| I'm running WinHTtrack on a Plone site and out of 651
files retrieved 14 are corrupted. These files all have a
few things in common:
What has been stored as the content of the file is
actually the gzip data that was sent by the server, except
that all nulls have been converted into spaces.
For each of these files there is a log entry such as:
12:49:30 Warning: File not parsed, looks
like binary:
zzzzzzzzzzzzzzzz/ogb/pressreleases/oxpressrelease.2004-11-
15.3985788716
I masked out the first part of the url (its on an intranet
anyway), but the other thing that may be significant is
that the last part of the URL is quite long although the
total length is only about 80 characters. The filename
that gets used when the file is saved loses everything
from the last dot onwards and indeed this means that some
of the affected files get saved to the same file unless I
specify a user-defined structure.
It looks to me as though for some reason the fact that the
file is gzipped is being missed.

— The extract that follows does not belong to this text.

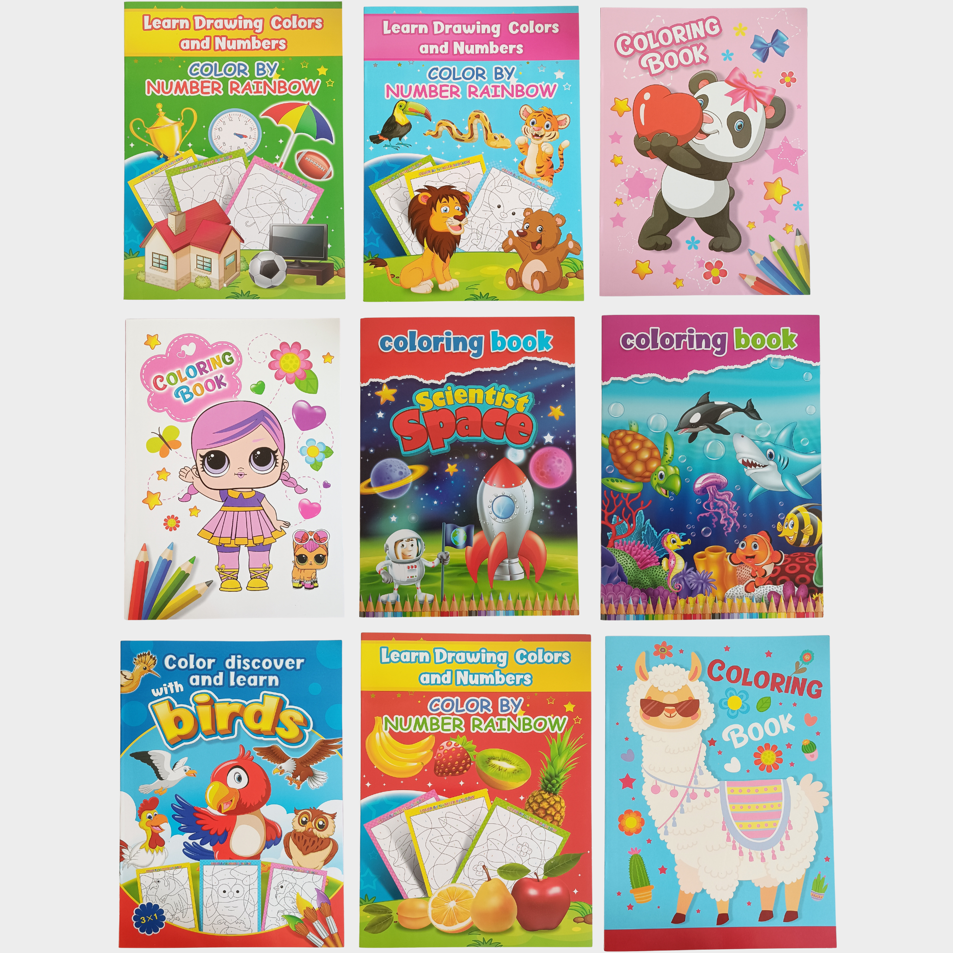 Spark creativity and learning with this vibrant collection of Assorted Coloring Books! Designed to capture the imagination of young artists, these books cover a wide range of exciting themes—from outer space adventures and underwater worlds to cute animals and delicious fruits. Many of the books also feature educational elements like "Color by Number," helping kids learn colors and numbers while they paint and play.

I can see from the source
that once the 'looks like binary' message is output the
nulls will be replaced by spaces, so that explains where
the garbage data comes from, but I can't see in the code
why it would fail to uncompress a gzipped file.
It always seems to be the same files that go wrong even if
I delete the mirrored directory and start again.
The entries in hts-ioinfo.txt look the same for these
files as for other files which have similar names but are
received and unzipped correctly.
Any suggestions where I can look to try to track down this
problem? | |